A des décennies de distance, l’Allemande Christiane Nüsslein-Volhard (prix Nobel de médecine en 1995) en est encore révoltée : lorsqu’elle avait décroché son premier poste de chercheuse, son obscur chef de service ne lui avait pas caché son mépris pour les femmes scientifiques. Il pensait qu’elles n’étaient pas à leur place, pour la péremptoire raison qu’ « on n’avait jamais vu d’Einstein au féminin » . Sans doute se prenait-il lui-même pour Einstein ? Charitable, il concédait aux femmes d’ « autres talents » . « Lesquels ? », lui avait demandé à l’époque la future prix Nobel déjà irascible. « Euh… la poterie par exemple », avait répondu le macho imbécile.
Aujourd’hui, heureusement, on n’en est plus tout à fait là.

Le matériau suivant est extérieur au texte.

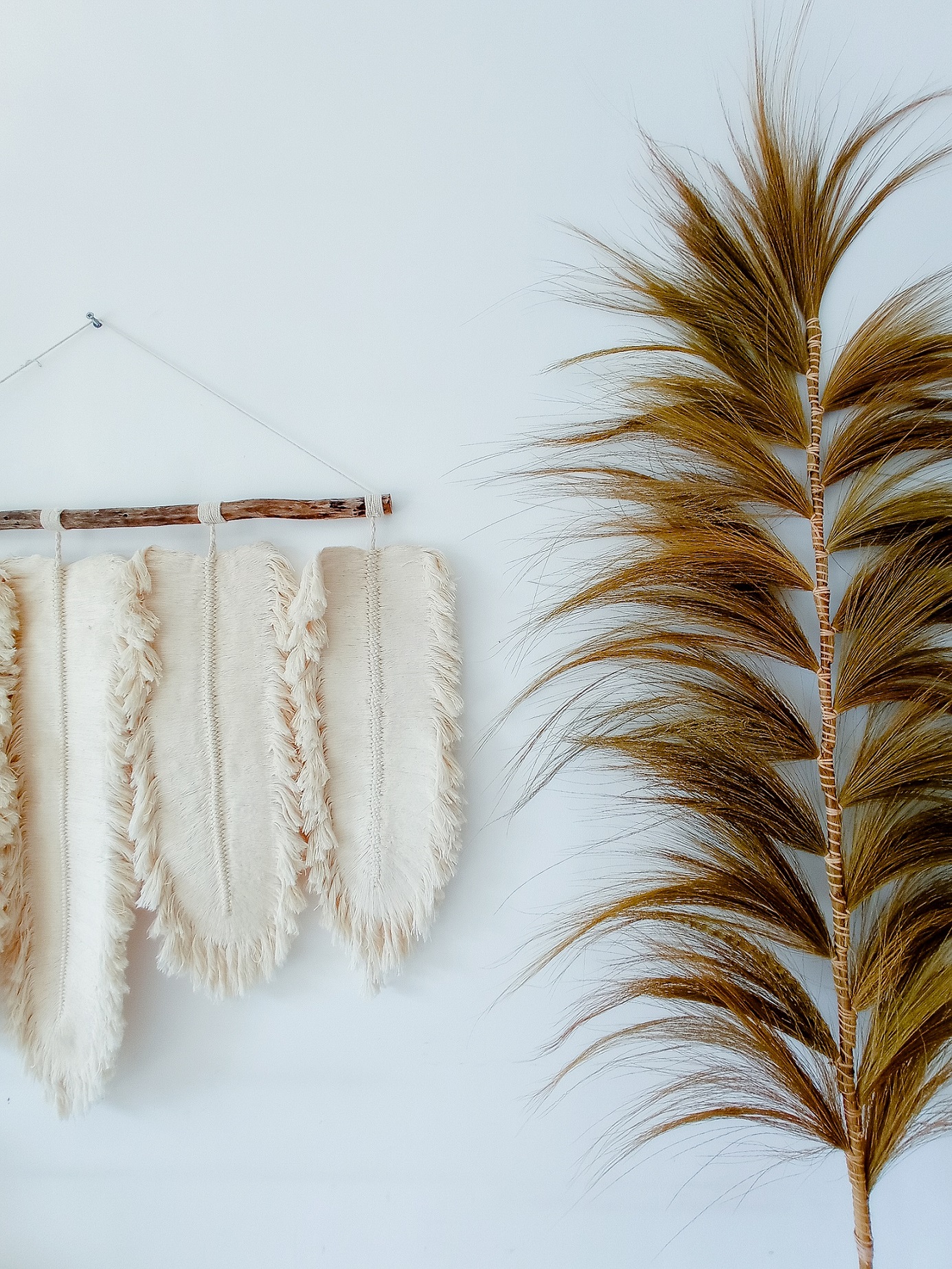 Dekoracja ścienna makrama Pięć Liści – makramy przeżywiają swój wielki „come back”. Ta z kolekcji Monnarita jest wyjątkowa – piękne liście w kolorze białym, wykonane techniką makramy z bawełnianego sznurka, zostały zawieszone na naturalnej, ciemnej gałązce. Ten niebanalny dodatek w stylu boho ożywi każdą przestrzeń i przyciągnie wzrok.

En Europe, les femmes occupent un peu moins de 30 % des postes de chercheurs. Mais elles sont très inégalement réparties dans les diverses disciplines, beaucoup plus présentes, par exemple, en biologie qu’en astrophysique. Et, surtout, elles ont la plus grande peine à s’élever dans les hiérarchies.

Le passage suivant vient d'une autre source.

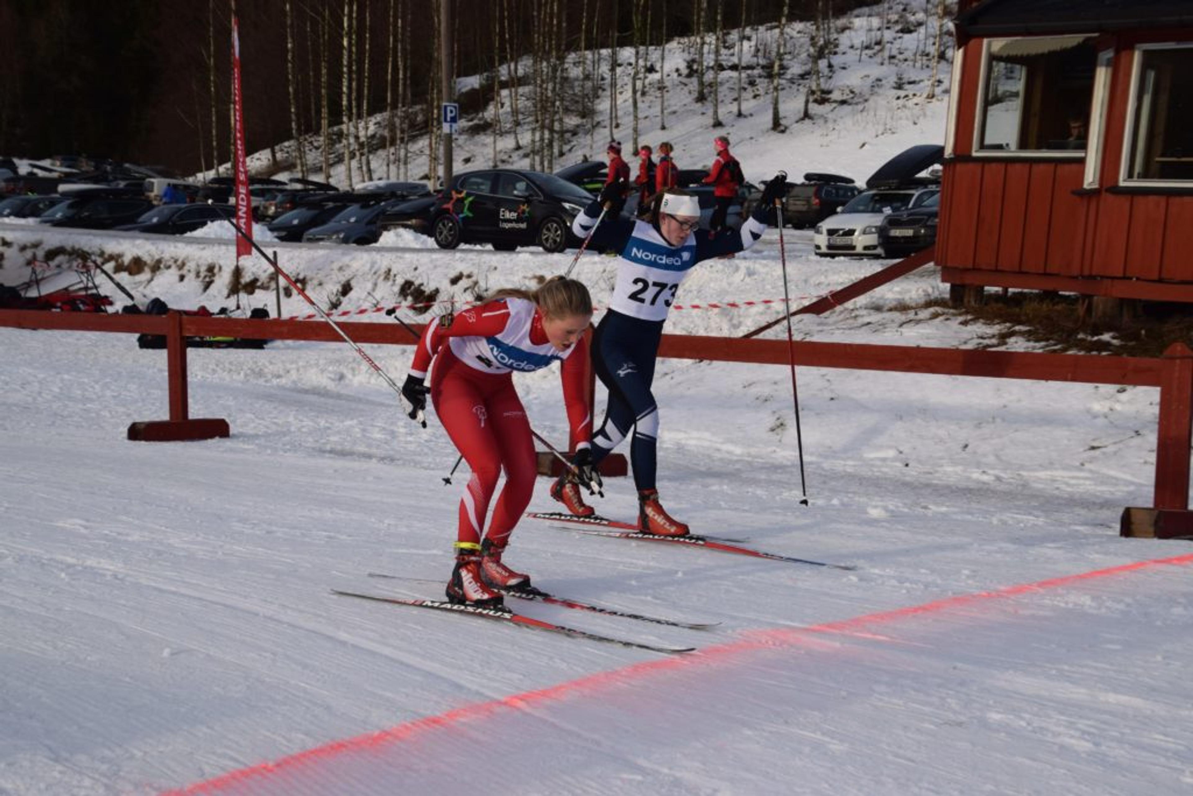 SPURTOPPGJØR: Henriette Olsen Kaale (18) leda fra start til mål – om enn med bare noen få centimeters margin over målstreken. Foto: Stian Ormestad.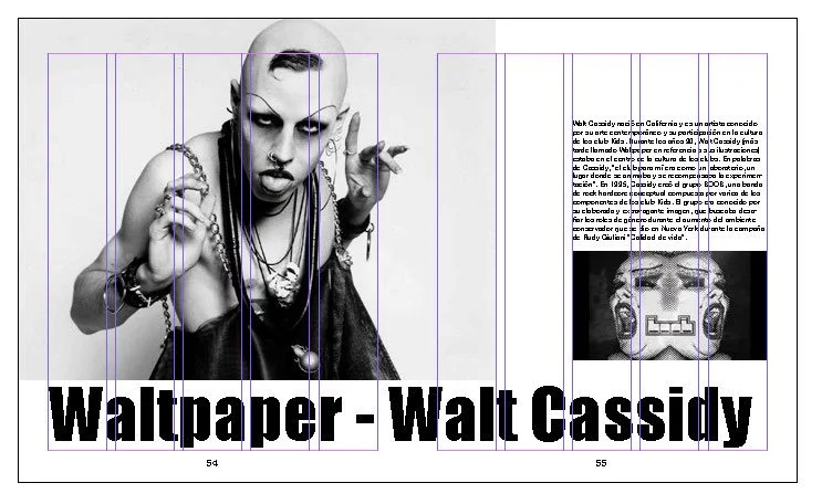 Para la composición de la página he utilizado una retícula de cinco columnas con un medianil de 4 milímetros. Este tipo de composiciones con columnas impares permiten un mayor dinamismo a la hora de componer y me permite más fácilmente jugar con la asimetría en las páginas.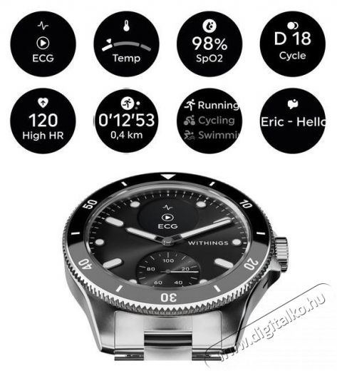 - A minőségi Withings smartwatch sportfunkciói: lépésszámláló, pulzusfrekvencia, tevékenység észlelése és kalóriaszámítás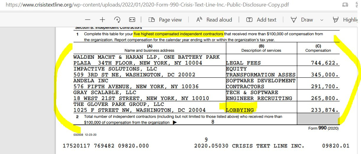 Now let’s go back to the 990 tax filings for CrisisTextLine.org to see what exactly the money is being spent on:

Quelques-unes pourtant sont parvenues à se hisser aux sommets de leurs spécialités, comme l’Estonienne Ene Ergma, l’Italienne Silvana Vallerga, les Allemandes Rita Schultz ou Lucia Reining. Du haut de leur réussite – plusieurs ont dû s’expatrier –, toutes témoignent ici, dans le documentaire « Femmes de tête » (à 21h50) . Pour dire leur écœurement devant les concours truqués, le chauvinisme mâle, et surtout l’immense gâchis de talents qu’entraîne cette ségrégation. Mais puisqu’elle manque de plus en plus de vocations, peut-être la science finira-t-elle par faire leur juste place aux femmes?